在处理Replicate msg的过程中, 根据comitted信息的不同将有两种逻辑, 分别对应日志的复制和日志的提交.
func (r *raft) handleReplicateMessage(m pb.Message) {
resp := pb.Message{
To: m.From,
Type: pb.ReplicateResp,
}
if m.LogIndex < r.log.committed {
resp.LogIndex = r.log.committed
r.send(resp)
return
}
if r.log.matchTerm(m.LogIndex, m.LogTerm) {
r.log.tryAppend(m.LogIndex, m.Entries)
lastIdx := m.LogIndex + uint64(len(m.Entries))
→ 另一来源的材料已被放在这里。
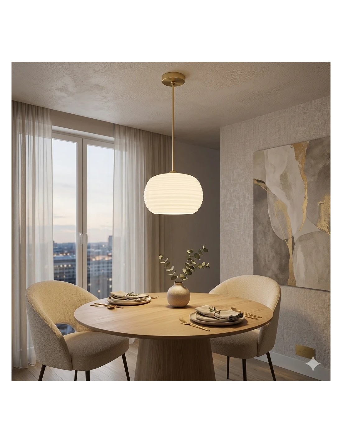 This vintage ceiling light is part of the Eli collection of deco lighting fixtures and has a matching wall light. It is a very elegant lamp with a certain classic touch. It is made up of a golden stem in an aged brass finish and a white opal glass lampshade in the shape of a honeycomb. It produces a soft and warm light ideal for creating comfortable and pleasant atmospheres. It works with an E27 socket LED bulb. All the vintage luminaires in our catalog work with LEDs, which are much more efficient and durable than the usual incandescent light. At Luz Vintage we are specialists in vintage lamps and lighting. Write to info@luzvintage.es to request special conditions for professionals. Consult modifications in the finish and in the measurements of all our vintage lamps. Place this luminaire as a dining room light, living room light, or lighting on a bar counter or kitchen island. It also looks great in vintage, classic or deco-inspired venues, restaurants, hotels or shops.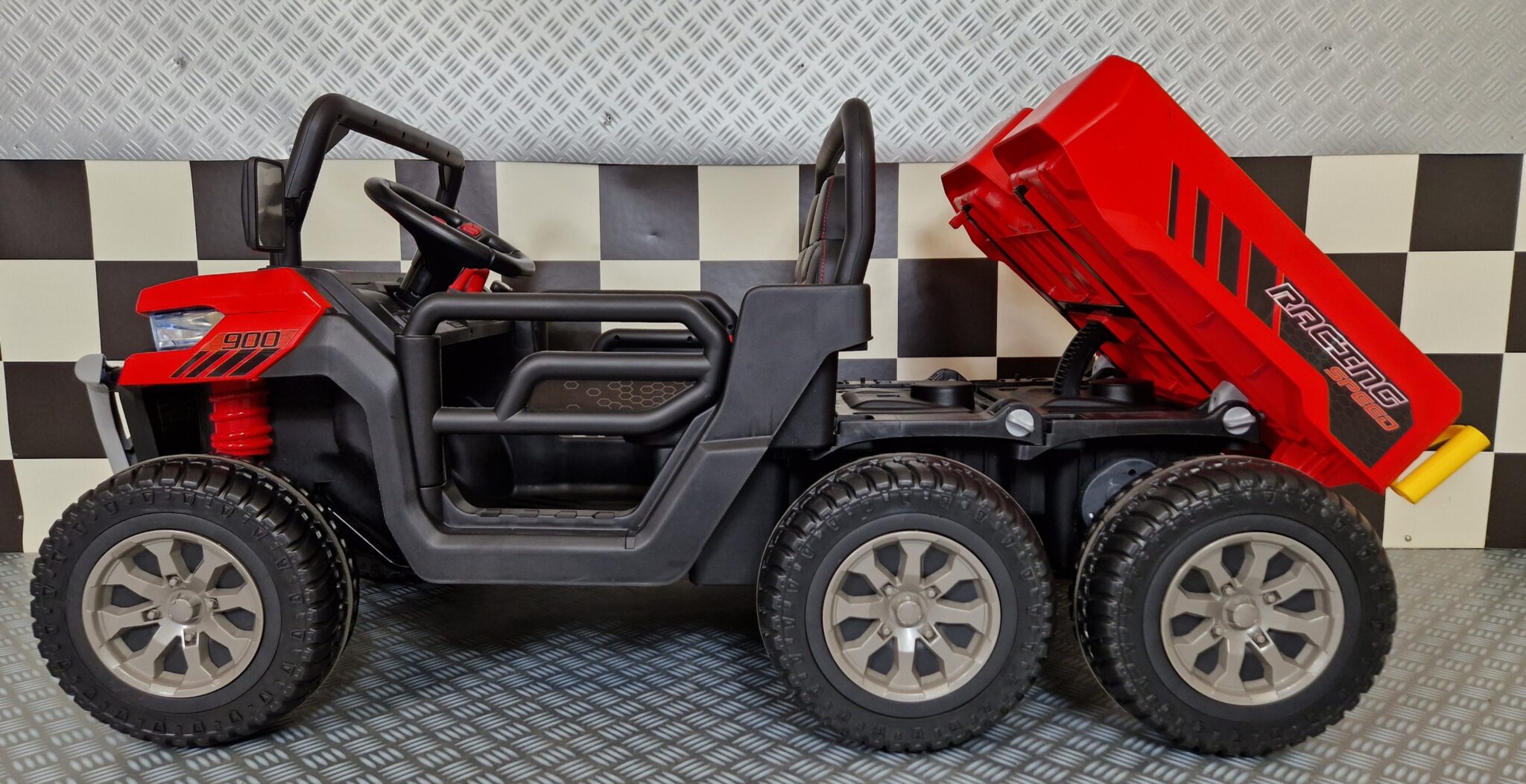 This powerful 24-volt electric children's jeep Transporter has two powerful 200-watt motors and six wheels. Suitable for children from approximately three years of age. This product will be shipped in two boxes due to weight and size restrictions. Therefore, there will be two times shipping cost calculated.

r.log.commitTo(min(lastIdx, m.Commit))
resp.LogIndex = lastIdx
} else {
plog.Debugf("%s rejected Replicate index %d term %d from %s",
r.describe(), m.LogIndex, m.Term, NodeID(m.From))
resp.Reject = true
resp.LogIndex = m.LogIndex
resp.Hint = r.log.lastIndex()
if r.events != nil {
info := server.ReplicationInfo{
ClusterID: r.clusterID,
NodeID: r.nodeID,
Index: m.LogIndex,
Term: m.LogTerm,
From: m.From,
}
r.events.ReplicationRejected(info)
}
}
r.send(resp)
}
func (l *entryLog) tryAppend(index uint64, ents []pb.Entry) bool {
conflictIndex := l.getConflictIndex(ents)
if conflictIndex != 0 {
if conflictIndex <= l.committed {
plog.Panicf("entry %d conflicts with committed entry, committed %d",
conflictIndex, l.committed)
}
l.append(ents[conflictIndex-index-1:])
return true
}
return false
}
func (l *entryLog) getConflictIndex(entries []pb.Entry) uint64 {
for _, e := range entries {
if !l.matchTerm(e.Index, e.Term) {
return e.Index
}
}
return 0
}
func (l *entryLog) commitTo(index uint64) {
if index <= l.committed {
return
}
if index > l.lastIndex() {
plog.Panicf("invalid commitTo index %d, lastIndex() %d",
index, l.lastIndex())
}
l.committed = index
}
func (l *entryLog) lastIndex() uint64 {
index, ok := l.inmem.getLastIndex()
if ok {
return index
}
_, index = l.logdb.GetRange()
return index
}
前五行构造了replicaresp数据结构的同时, 对当前的committedIndex和m.LogIndex进行对比, 显然拒绝了比当前已提交的Index更小的消息. 之后在11--15行的代码中, 进行了term任期校验后, 添加msg到r.log
中, 更新其committed的index值. 一切结束之后使用前述的send方法返回Resp.
handleLeaderReplicateResp
func (r *raft) handleLeaderReplicateResp(m pb.Message, rp *remote) {
r.mustBeLeader()
rp.setActive()
if !m.Reject {
paused := rp.isPaused()
if rp.tryUpdate(m.LogIndex) {
rp.respondedTo()
if r.tryCommit() {
r.broadcastReplicateMessage()
} else if paused {
r.sendReplicateMessage(m.From)
}
// according to the leadership transfer protocol listed on the p29 of the
// raft thesis
if r.leaderTransfering() && m.From == r.leaderTransferTarget &&
r.log.lastIndex() == rp.match {
r.sendTimeoutNowMessage(r.leaderTransferTarget)
}
}
} else {
// the replication flow control code is derived from etcd raft, it resets
// nextIndex to match + 1. it is thus even more conservative than the raft
// thesis's approach of nextIndex = nextIndex - 1 mentioned on the p21 of
// the thesis.
if rp.decreaseTo(m.LogIndex, m.Hint) {
r.enterRetryState(rp)
r.sendReplicateMessage(m.From)
}
}
}
不考虑失败的其他情况, 重点关注5--19行的代码, 不难发现, r.tryCommit()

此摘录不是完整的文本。